# Форум 1С > Общие вопросы по 1С - Предприятие >  Продажа собственной фирме

## SergVWP

Здравствуйте, помогите разобраться в следующей ситуации. Веду учет в БП 2.0.37.8 по двум собственным организациям одна из них занимается производством другая продажей произведенной продукции. Можно ли в данной конфигурации производить реализацию собственной организации без создания в справочнике контрагенты дубликат собственной организации.

----------


## zay

> Можно ли производить реализацию собственной организации без создания в справочнике контрагенты дубликат собственной организации.


Нет. В справочнике контрагентов необходимо создавать контрагентов, которые будут соответствовать вашим организациям.
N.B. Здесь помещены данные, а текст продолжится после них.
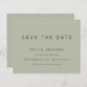 Simple Text Soft Sage Green Save The Date. A budget price SMALLER 4.5” x 5.6” alternative. Available in a SEMI-GLOSS 110 lb CARD STOCK which is the default option (thicker for invitations), OR a SATIN FINISH 80 lb THINNER PAPER STOCK (ideal for enclosures). Envelopes are an optional extra and are slightly larger than the card size. Simple elegance with Save The Date in a modern set script.The rest of the text you can easily personalise.Shown here in black on soft pale sage green however the text and background colours can be changed if you wish via the customise further option.

И у вас будут зеркальные операции:
Организация1 - продает Контрагенту2 (организация2)
Организация2 - покупает у Контрагента1 (организация1)

----------

SergVWP (16.07.2012)

----------


## SergVWP

> Нет. В справочнике контрагентов необходимо создавать контрагентов, которые будут соответствовать вашим организациям.
> 
> И у вас будут зеркальные операции:
> Организация1 - продает Контрагенту2 (организация2)
> Организация2 - покупает у Контрагента1 (организация1)


Такая тягомотина получается, но видимо ни чего не поделаешь. Придется вот такой фигней заниматься)))

----------


## kamar821

Там вообще все просто если разобраться. Если еще надо, пишите, помогу

----------


## MPolo

в бухгалтерском учете слишком много такой тягомотины. Да. zay  прав - это единственный правильный вариант.

----------